Kinda feels like this - it sticks out for sure, but really y'know it's just memorable for that singular really over-the-top feature. (Image Source: Pinterest)
This is headed in an interesting direction that is worth keeping your eyes on – unquestionably! The stone fruits flavors from Sherry gave the otherwise heavy hitter of a tropical fruit bomb another repertoire of flavors that I could see marry well together. Tropical fruits tend to be more sugary, perfumery and scream nectar, whereas stone fruits tend to be richer, with more acidity and tartness. It’s Yin and Yang, I suppose.
This combination coupled with the creaminess of the body could indeed be a winning profile for a whole slew of new rum styles.
Yet, despite its potential, I hesitate to say that Hampden’s best works/future necessarily lies in casks of Sherry (seasoning).
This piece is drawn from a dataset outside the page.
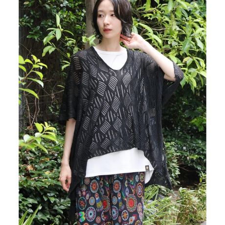 透かし編みニットポンチョ
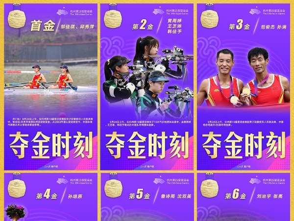 9月24日杭州亚运会首个金牌日中国队已连续收获9枚金牌集齐杭州亚运会第1个九宫格自豪!骄傲!祝贺!

Here’s why: Hampden is so loved for its textbook unmistakable profile – the hogo that you would be hard pressed to forget, mis-identify, or find anywhere else outside of Jamaica. By borrowing flavors from Sherry casks, yet another big unmistakable flavonoid is tossed into the mix. How does that saying go? Oh yes- too many cooks spoil the broth. Its profile is completely altered so much so that I dare say you’d be comparing apples to oranges if you put a Sherried Hampden next to the best of the Hampden’s pre-Sherry era.
I found it very enjoyable especially for a person who likes fruit bombs. While I would have hoped for more complexity it felt more like a tussle in which the Sherry cask won out and there wasn't much of the classic Hampden notes.
Yet overall, a valiant effort and I will watch with great anticipation on how this will shape the rum-verse.
They are wildly different beasts. Could they both be stellar? Yes. But would a Sherried Hampden truly take the Jamaican benchmark to a whole other level? I'm not yet a believer.
Oooh that italics ~ What will it take! (Image Source: The Macallan)
I think The Macallan succeeded in plying the use of Sherry casks because whiskies are nowhere near the level of rums with their high ester count. So when you add flavours as big as those borrowed from Sherry casks, you combine really solid base notes (we’re talking the best of whiskies here), with really strong high notes from the Sherry cask. Eh, toss in some good oak. It works.
Now, what about the other pungent elephant in the whisky room of flavors- peat? Although a strong flavor as well, a combination of peat and Sherry tends to lend notes of smoked stone fruit. That sounds positively delightful. But adding stone fruits on to tropical fruits? It’s good but probably too one-dimensional. There’s more variety and assortment amidst the fruits, but overall it’s just one giant fruit basket, if you get what I mean.
Remember, this is only the beginning. (Image Source: Velier)
Again, will this expand the Jamaican treasure's repertoire, versatility and compound its clout? Yes, without a doubt, yes.
Will this single stroke be the piece-de-resistance that will finally make it "The Hampden"? I certainly look forward to be proven wrong. But the man has done phenomenal things, I would not bet against him. This game-altering move is also certainly going to further build on the rum-verse by opening up a whole new dimension. And while we're on that, why should this be limited to Hampden (and the Clairins)? We should be terribly excited for other rums to undergo this supposedly glorious transformation. And also, even Luca himself admits the future is Oloroso - this was a mix of PX/Oloroso - perhaps we're not even at Chapter, maybe the "P" in Pagos is really Prologue.